Problem requirements:
Pictures appear among the records below and must be omitted. Repeat exactly the lines from the line with "Thực hiện Kế" to the line with "Accent Upgrades: When", both included.

Input material:
========================================================================
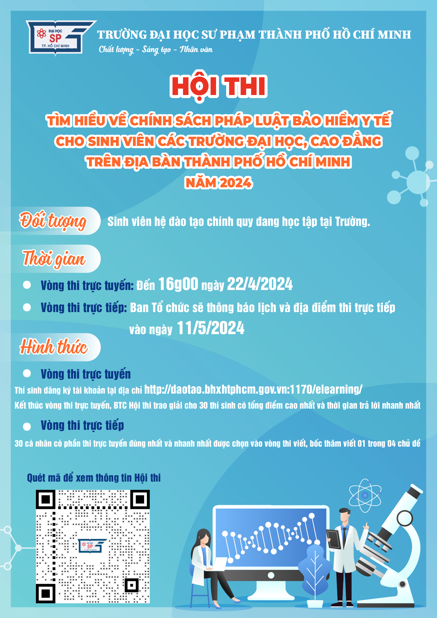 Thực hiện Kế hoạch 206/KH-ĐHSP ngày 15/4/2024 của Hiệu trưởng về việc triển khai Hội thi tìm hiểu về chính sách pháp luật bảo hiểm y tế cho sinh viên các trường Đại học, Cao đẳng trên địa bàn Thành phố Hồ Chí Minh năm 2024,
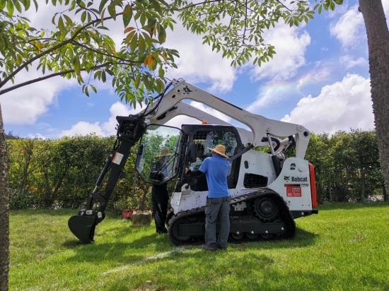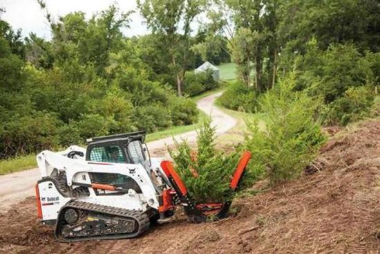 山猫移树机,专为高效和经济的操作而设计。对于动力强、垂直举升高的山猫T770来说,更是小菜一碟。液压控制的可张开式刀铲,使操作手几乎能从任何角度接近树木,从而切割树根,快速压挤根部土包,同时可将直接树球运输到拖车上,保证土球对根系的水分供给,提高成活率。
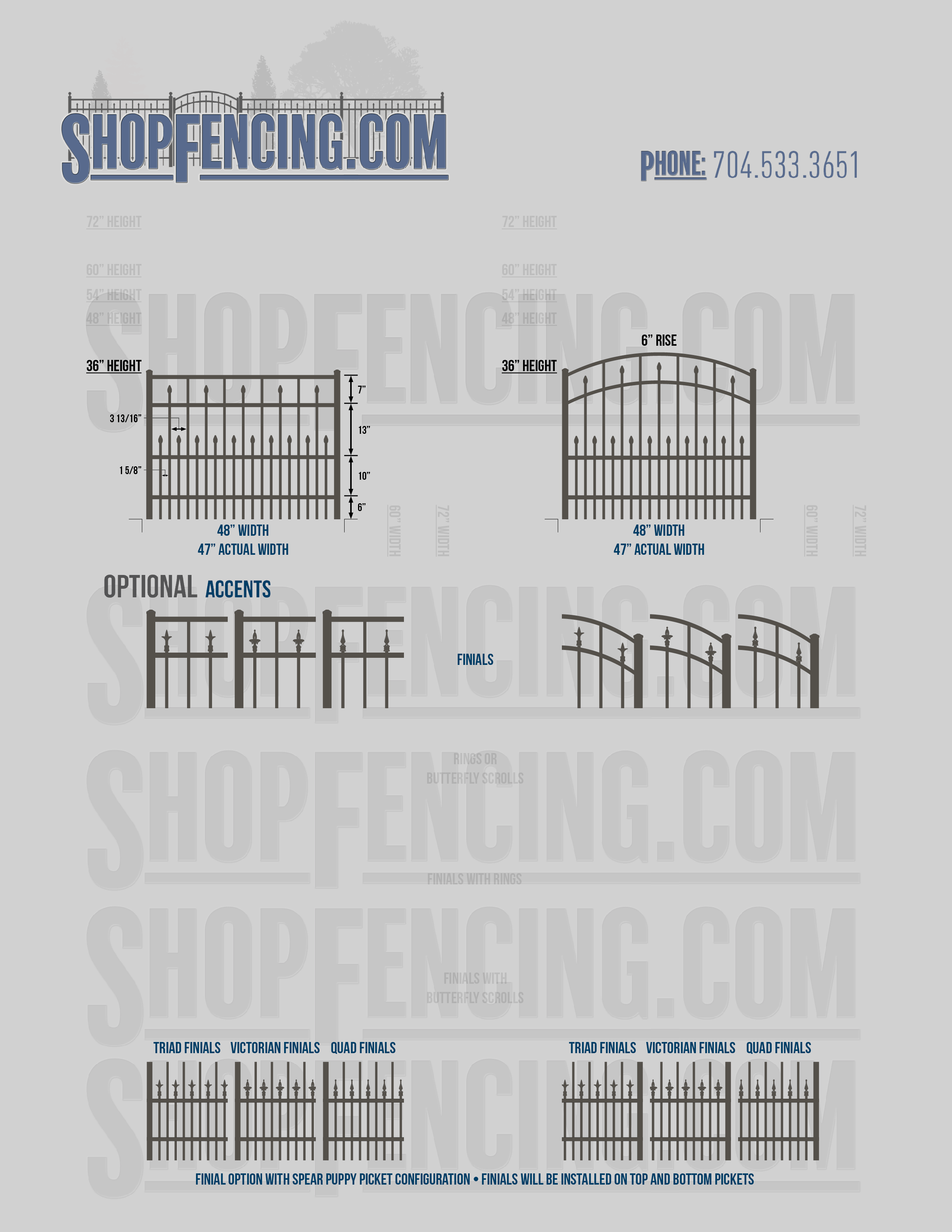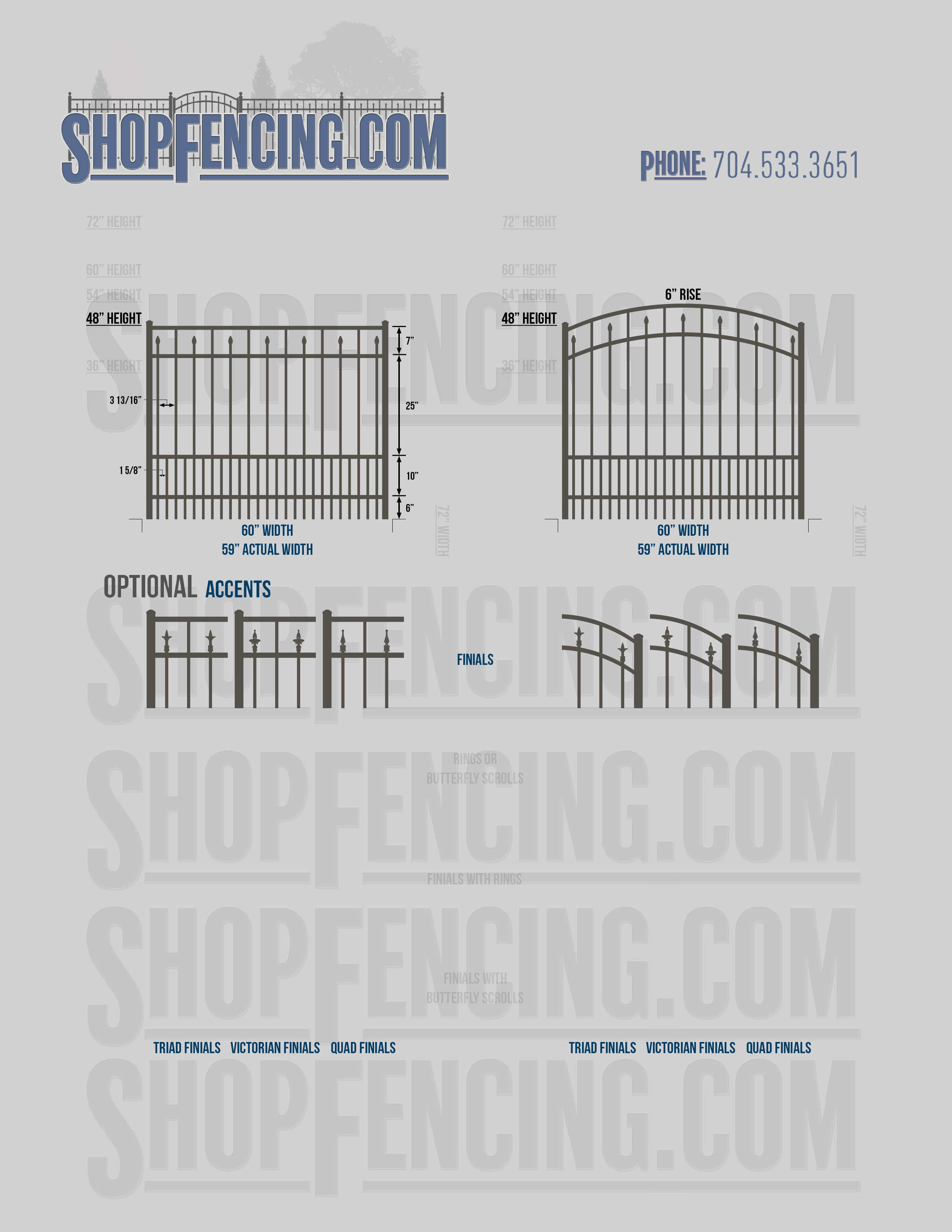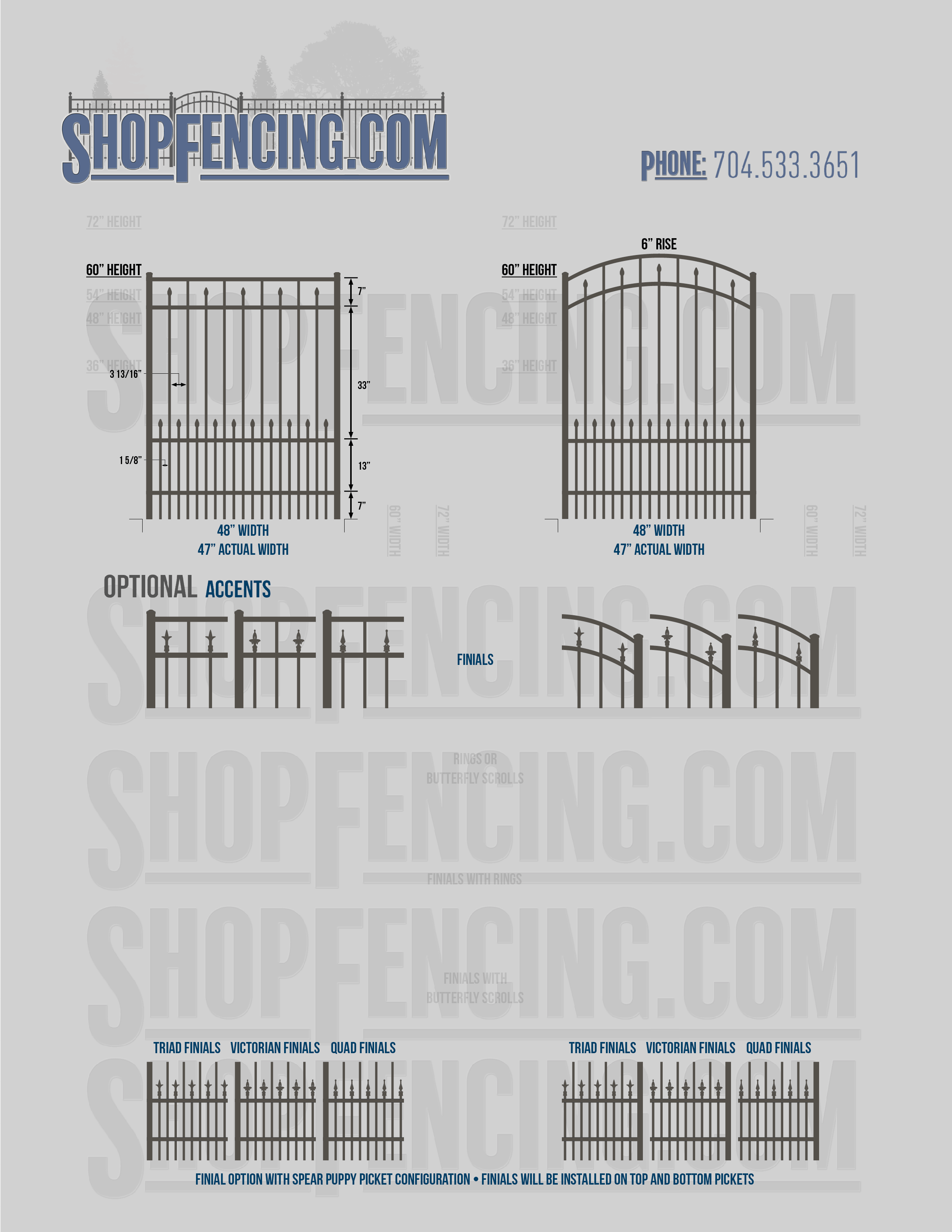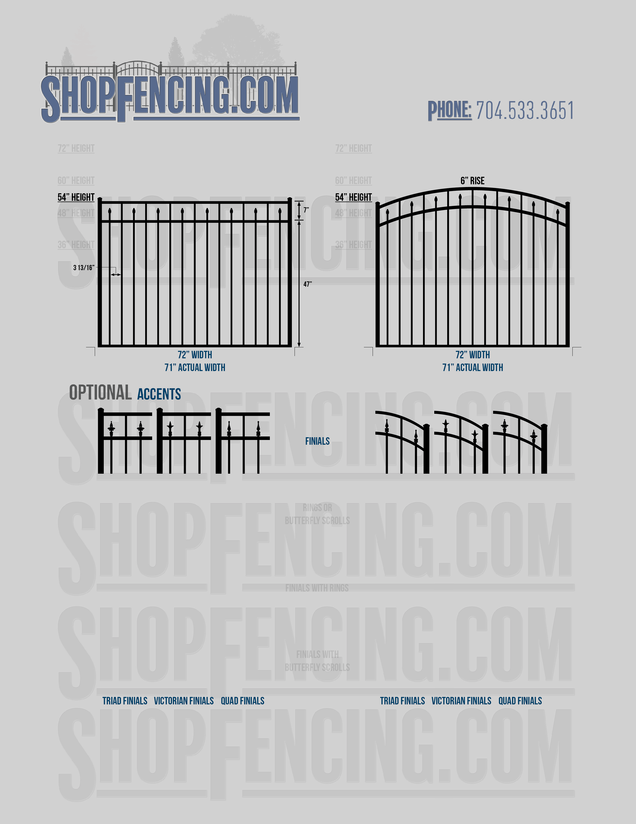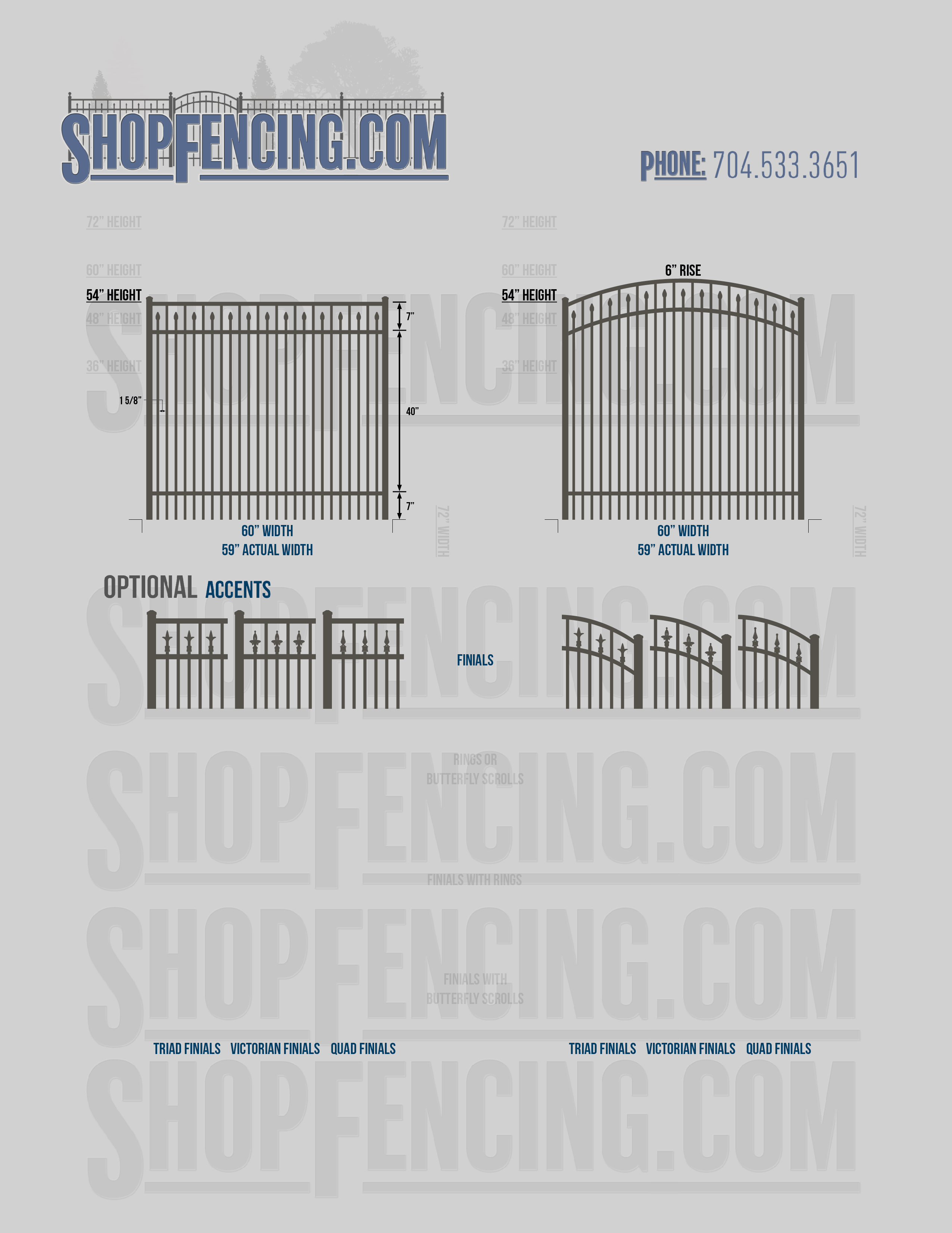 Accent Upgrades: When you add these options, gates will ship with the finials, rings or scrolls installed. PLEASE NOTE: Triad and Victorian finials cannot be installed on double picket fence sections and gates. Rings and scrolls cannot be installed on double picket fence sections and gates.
========================================================================
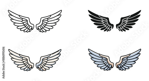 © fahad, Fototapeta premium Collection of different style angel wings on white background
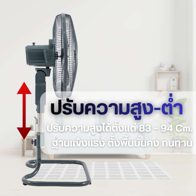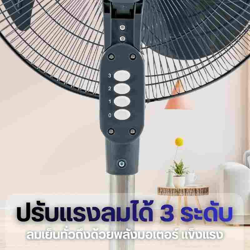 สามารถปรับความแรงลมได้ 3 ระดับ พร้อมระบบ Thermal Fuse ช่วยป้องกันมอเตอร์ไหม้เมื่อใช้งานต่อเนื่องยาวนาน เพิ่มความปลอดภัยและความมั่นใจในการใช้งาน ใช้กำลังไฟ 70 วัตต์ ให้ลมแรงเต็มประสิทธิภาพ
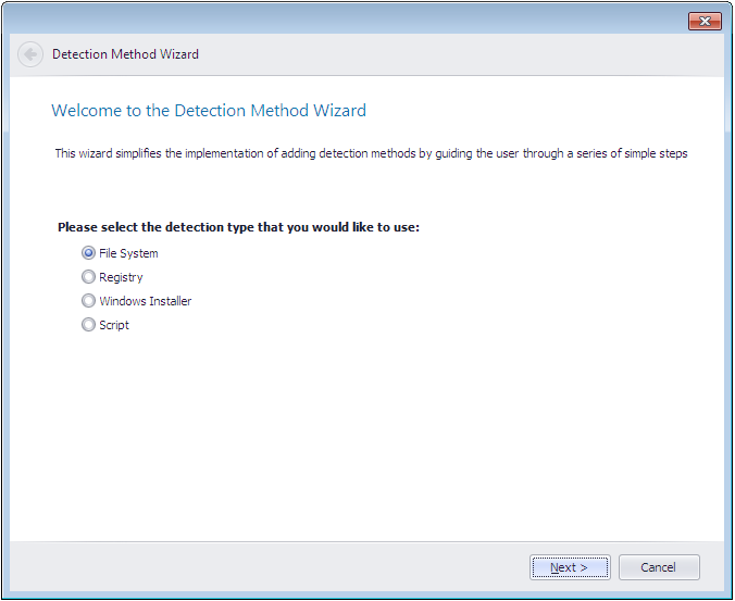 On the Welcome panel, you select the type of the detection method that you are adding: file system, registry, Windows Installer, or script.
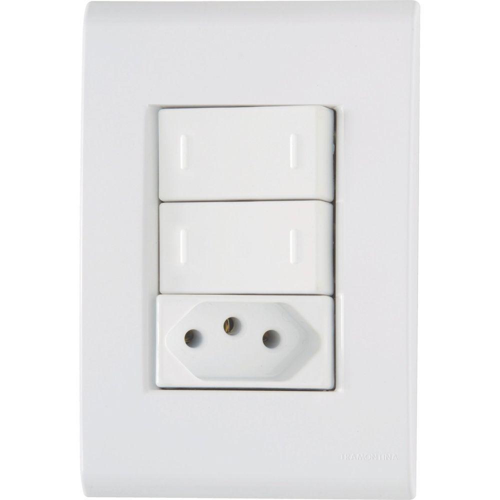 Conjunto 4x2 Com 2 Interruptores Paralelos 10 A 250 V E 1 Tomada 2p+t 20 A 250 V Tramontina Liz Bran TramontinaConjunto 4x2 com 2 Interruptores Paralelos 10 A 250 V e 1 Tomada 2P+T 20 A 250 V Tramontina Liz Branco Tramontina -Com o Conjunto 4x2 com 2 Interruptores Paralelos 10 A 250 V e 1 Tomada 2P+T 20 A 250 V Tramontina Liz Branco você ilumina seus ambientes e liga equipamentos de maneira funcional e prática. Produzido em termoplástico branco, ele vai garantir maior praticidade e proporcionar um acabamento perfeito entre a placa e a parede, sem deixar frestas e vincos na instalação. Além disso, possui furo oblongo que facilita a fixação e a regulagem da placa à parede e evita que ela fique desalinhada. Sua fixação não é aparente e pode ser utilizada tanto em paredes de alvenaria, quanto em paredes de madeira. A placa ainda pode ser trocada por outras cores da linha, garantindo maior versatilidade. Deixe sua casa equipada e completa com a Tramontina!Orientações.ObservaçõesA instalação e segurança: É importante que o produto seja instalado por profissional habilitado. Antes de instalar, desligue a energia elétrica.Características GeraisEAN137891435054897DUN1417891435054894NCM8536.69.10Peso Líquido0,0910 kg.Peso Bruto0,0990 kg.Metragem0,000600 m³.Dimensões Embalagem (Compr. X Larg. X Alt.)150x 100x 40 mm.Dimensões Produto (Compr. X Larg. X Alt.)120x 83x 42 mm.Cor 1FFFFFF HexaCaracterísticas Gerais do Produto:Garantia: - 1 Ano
========================================================================
Written solution:
 Thực hiện Kế hoạch 206/KH-ĐHSP ngày 15/4/2024 của Hiệu trưởng về việc triển khai Hội thi tìm hiểu về chính sách pháp luật bảo hiểm y tế cho sinh viên các trường Đại học, Cao đẳng trên địa bàn Thành phố Hồ Chí Minh năm 2024,
 山猫移树机,专为高效和经济的操作而设计。对于动力强、垂直举升高的山猫T770来说,更是小菜一碟。液压控制的可张开式刀铲,使操作手几乎能从任何角度接近树木,从而切割树根,快速压挤根部土包,同时可将直接树球运输到拖车上,保证土球对根系的水分供给,提高成活率。
 Accent Upgrades: When you add these options, gates will ship with the finials, rings or scrolls installed. PLEASE NOTE: Triad and Victorian finials cannot be installed on double picket fence sections and gates. Rings and scrolls cannot be installed on double picket fence sections and gates.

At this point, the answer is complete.